Garrett argues that these various patriarchal materials were reduced to writing and eventually handed down to Moses. Moses edited them and composed Genesis 1:1–2:3 as an introduction to the whole. The result was ‘Urgenesis’, essentially the same as our Genesis save for some minor editorial alterations (e.g. subseqent revisions of vocabulary, especially place names). Garrett makes two startling conclusions at this point, which ought to fuel some future discussion. The first is that Moses received Genesis 1:1–2:3 from God as revelation: it is ‘visionary and revelatory and … Moses, the premier prophet of the Old Testament, is the direct author of this material’ (p. 193). The second is that the Levites were already established as a class of scribes and teachers among the Israelites in Egypt before the exodus, and that they were the tradents of the various materials which Moses combined into Urgenesis: ‘Urgenesis is therefore the Mosaic redaction of the Levitical records of the history of the patriarchs’ (p. 232).

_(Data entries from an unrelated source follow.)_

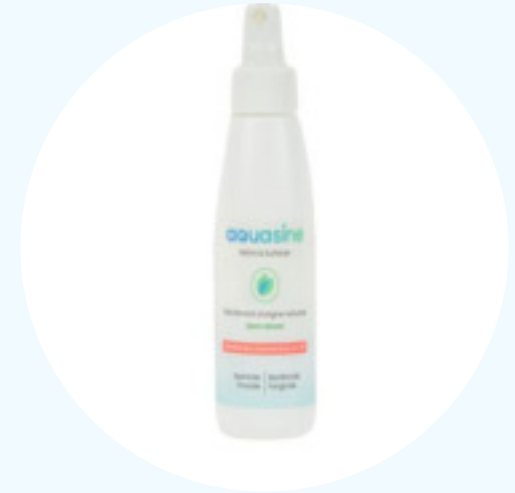
AQUASINE Manos y superficies
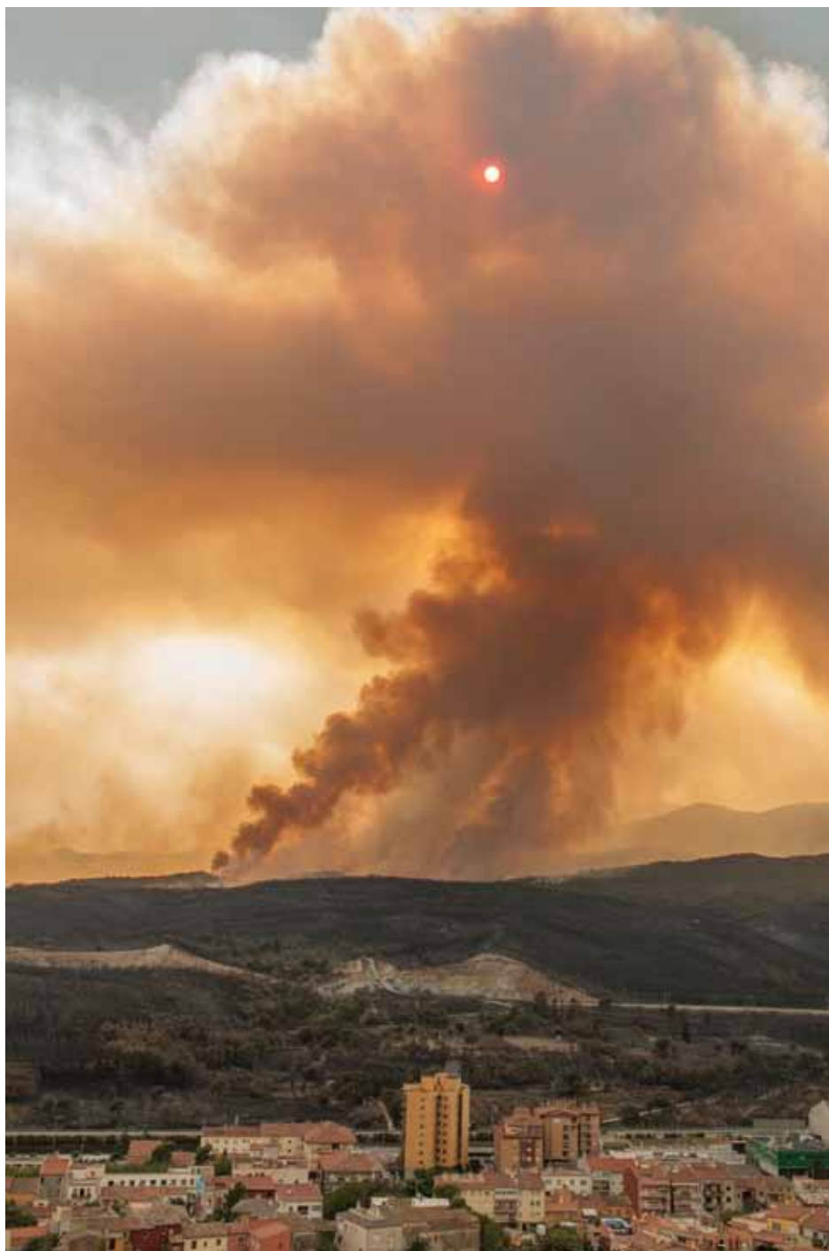
• La tarda del dilluns 23 de juliol l'incendi prenia una direcció de sud a nord i remontava cap a Santa Eugènia, a Agullana

Sobre l'origen del foc, una burilla sense apa-
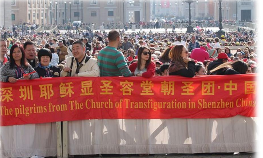
ကက်သလစ်ဆရာတော်ကြီးများဆိုင်ရာလူထုဆက်သွယ်ရေးရုံး
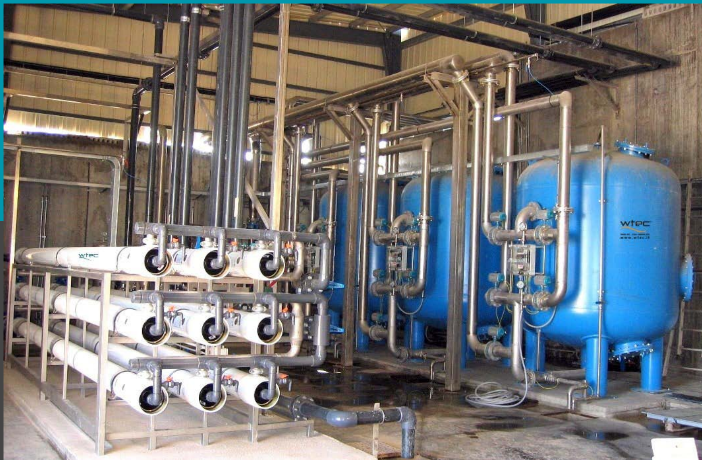
Planta de desmineralización, planta de ósmosis inversa Mod. BWD 1300 - Caudal 2x53 mc/h Con un tratamiento previo: n° 3 de presión rápida filtra FAS 220 - proceso de fabricación de papel de la industria
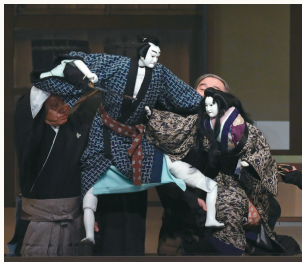
第三部『女殺油地獄』

複雑な家庭環境で育った主人公が無頼な行動を重ねた揚げ句、強盗殺人にまで至る過程を描く異色作です。油商河内屋の放蕩息子である与兵衛を取り巻く周囲の人々の思いやりにも関わらず、ついに顔なじみのお吉を殺害する凄惨な結末へと繋がっていく展開に、初夏の市井の風俗とともに登場人物たちが背負った深い業が映し出されます。
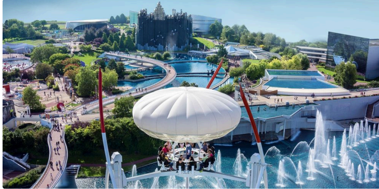
Futuroscope : nouveau cap sur l'avenir

Une offre diversifiée et un deuxième parc d'attractions pour les plus jeunes
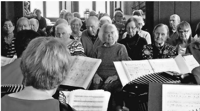
wenn man es teilt. (Albert Schweitzer)

Mit einem herzlichen „ Dankeschön “ verabschiedeten sich die Bewohner von dem Orchester und den helfenden Händen. Nach dem Konzert durften sich dann alle Akteure noch mit Kaffee, Kuchen und Butterbrezeln vom Förderverein bei anregenden Gesprächen stärken. Danach machte sich das Orchester wieder auf den Heimweg. Alle riefen hinterher: „ Kommt bald wieder! “
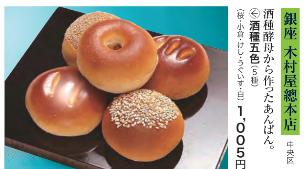
銀座 木村屋總本店 中央区 酒種酵母から作ったあんぱん。 ◎酒種五色6連 (縦小袋1.5g×6個) 1,005円
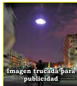
Imagen trucada para publicidad

“Están llevando a cabo prodigios y maravillas para confundir y enredar a la humanidad. Vosotros les lla-
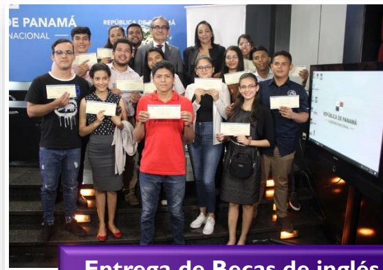
Entrega de Becas de inglés para Universidades Oficiales
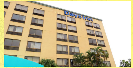
Days Inn Fort Lauderdale Hollywood/Airport South
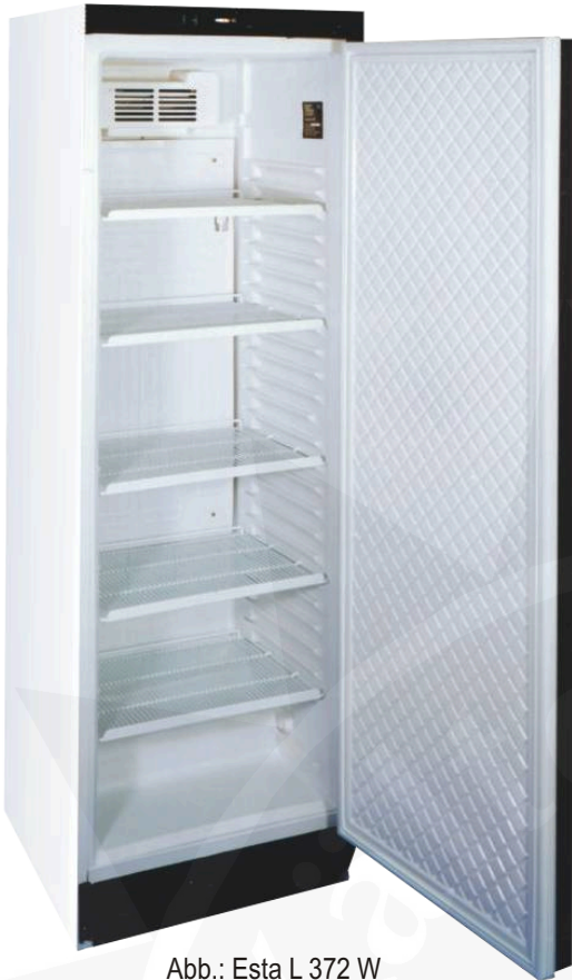
Abb.: Esta L 372 W

Ö:|Šā\Á~{ Ä•cās>@•&@ā\Á ä^•&@~{ c^|Á>|ÄŠHĪ GÄ Ä^āsē|c^EÖ^|jä
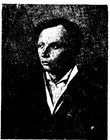
Uhland sau Eichendorff.
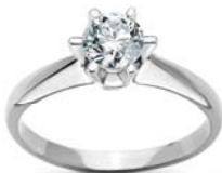
Pierścionek, kolczyki i zawieszka z brylantem Stella
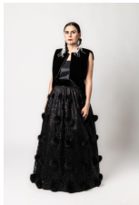
Tenue haute couture « Inuvialuk at the Met Gala »
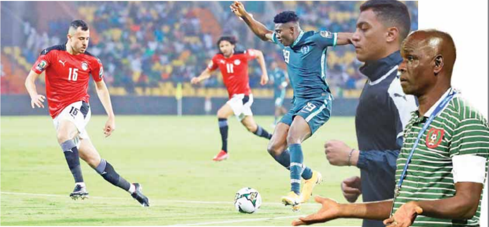
كتب- محمد سعيد

خوض المنتخب الوطني لكرة القدم في التاسعة مساء اليوم مباراة تحديد المصير وتصحيح المسار أمام غينيا بيساو في الجولة الثانية بكأس الأمم الإفريقية بالكاميرون، ويتحدد بشكل كبير موقف الفرقة من الاستمرار في البطولة أو الاستعداد للرحيل مبكراً خاصة بعد البداية الهزيلة والمخيبة للأمل في بداية المشوار بالمجموعة الرابعة والخسارة أمام نيجيريا بهدف نظيف أدى إلى تذييل منتخبنا المجموعة بعد فوز نيجيريا والسودان وغينيا بيساو. ووجه د. أشرف صبحي وزير الشباب والرياضة، انتقاداً للأداء المحترفين الستة الذين شاركوا في مباراة نيجيريا ولم يقدموا المنظر منهم، وطلبهم بتصحيح الصورة وتحسين الفوز الذي يعزز فرصة المنتخب في مواصلة المشوار نحو المنافسة على اللقب، ويأتي لقاء اليوم في ظل ظروف صعبة تواجه البرتغالي كارلوس كيروش الذي أصبح في مرمرى نيران الجماهير المصرية بعد السقوط أمام نسور نيجيريا في الجولة الأولى، بعد أن ارتكب أخطأه فنية جسيمة في التشكيل والكتيكة، وطلب الجماهير بإقالته وإسناد المهمة لمدير فني مصري، وضعت المعبد حسام حسن على رأس قائمة المرشحين، وفتحت هذه المطالبة أزمة جديدة تتعلق بالشروط الجزائي الكبير لكيروش، في حالة إقالته.
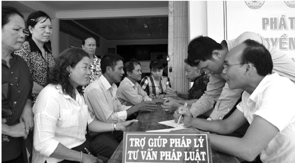
● Trợ giúp viên pháp lý tư vấn cho người dân. (Ảnh minh họa)

Trong năm 2024, số vụ việc trợ giúp pháp lý (TGPL) tham gia tố tụng hoàn thành là 30.538 vụ việc (tăng 19% so với cùng kỳ năm 2023) và là con số cao nhất từ trước đến nay. Đây là kết quả nỗ lực của cả hệ thống TGPL ở Trung ương và địa phương, góp phần bảo vệ quyền con người, quyền công dân, quyền công bằng trong tiếp cận công lý và công bằng trong xét xử.

Whatever one may think of these last two points (and Garrett’s arguments for both are intelligent and compelling), Duane Garrett has given us a book which does what has long been needed. Not only does it draw on ancient Near Eastern evidence to show the inadequacy of some prevalent assumptions of OT scholarship, it also proposes a thorough, well-reasoned alternative account of the origins of Genesis—an account which uses data from the ancient Near East in a careful, well-controlled and intelligent manner.